**THE PROBLEM**
Copy out each line of the material in which the word "Kaya" can be found.

**STORED DATA**
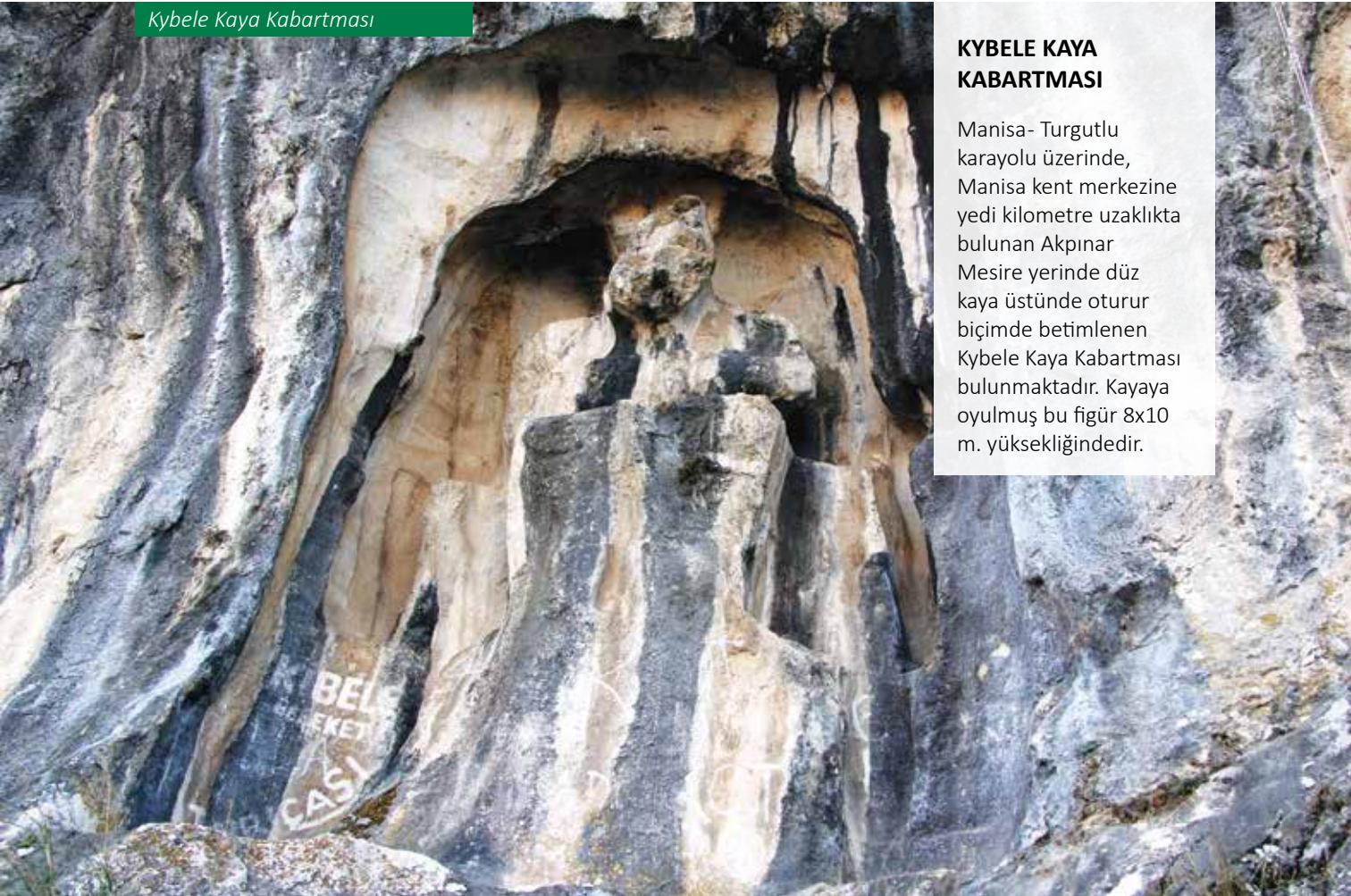
Kybele Kaya Kabartması

Manisa Kent Merkezinde Karaköy Semtindeki Çaybaşı denilen alanda, Spil Dağının kente en yakın eteğinde bulunmaktadır. Niobe Doğal Anıtı yörede “Niobe Kayası” ve “Ağlayan Kaya” adıyla da anılmaktadır. Niobe Kayası; doğal aşınma sonucunda göz yerleri oyulmuş, yüzü pürtük pürtük kapkara kesilmiş, dalgalı saçları toprağa düşmüş ağlayan bir kadını andırır. Niobe’den ilk söz eden Homeros’tur. “İlyada” destanında dramatik öyküsünü anlatır.
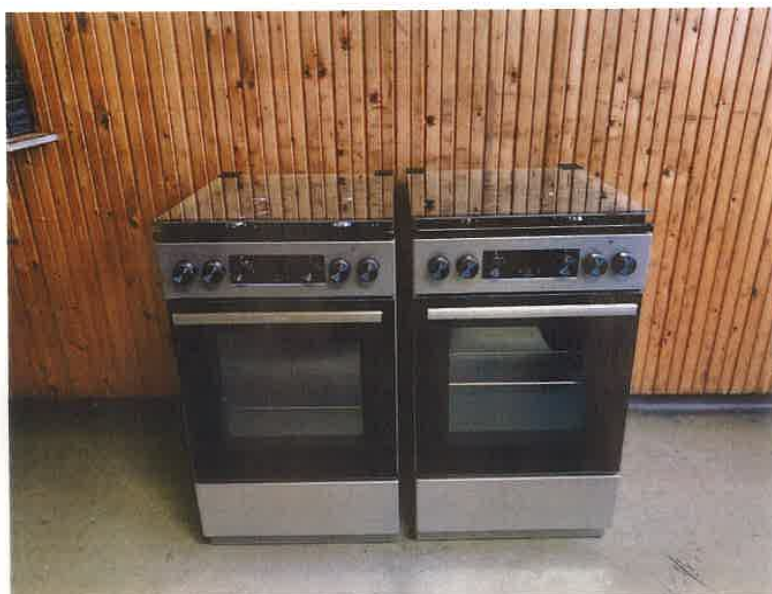
5. kép II. HTP kombi tűzhelyek
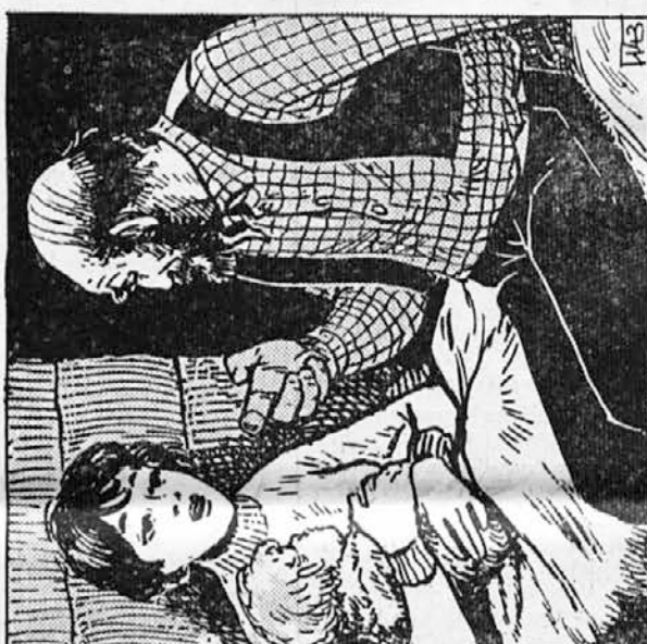
143. Mož ji je postregel s čajem in Jeanne so se vrnile moči. Strah ji je vztrepetal v očeh, ko se je domislila prestanih strašnih ur. Potem je začela pripovedovati tujcu. Kazan se je pomirjen in zadovoljen zavlekel pod posteljo. Odvzeto mu je bilo breme, pod katerim ni smel omagati. Utrujene oči so se mu zaprle.

**TASK ANSWER**
Kybele Kaya Kabartması
Manisa Kent Merkezinde Karaköy Semtindeki Çaybaşı denilen alanda, Spil Dağının kente en yakın eteğinde bulunmaktadır. Niobe Doğal Anıtı yörede “Niobe Kayası” ve “Ağlayan Kaya” adıyla da anılmaktadır. Niobe Kayası; doğal aşınma sonucunda göz yerleri oyulmuş, yüzü pürtük pürtük kapkara kesilmiş, dalgalı saçları toprağa düşmüş ağlayan bir kadını andırır. Niobe’den ilk söz eden Homeros’tur. “İlyada” destanında dramatik öyküsünü anlatır.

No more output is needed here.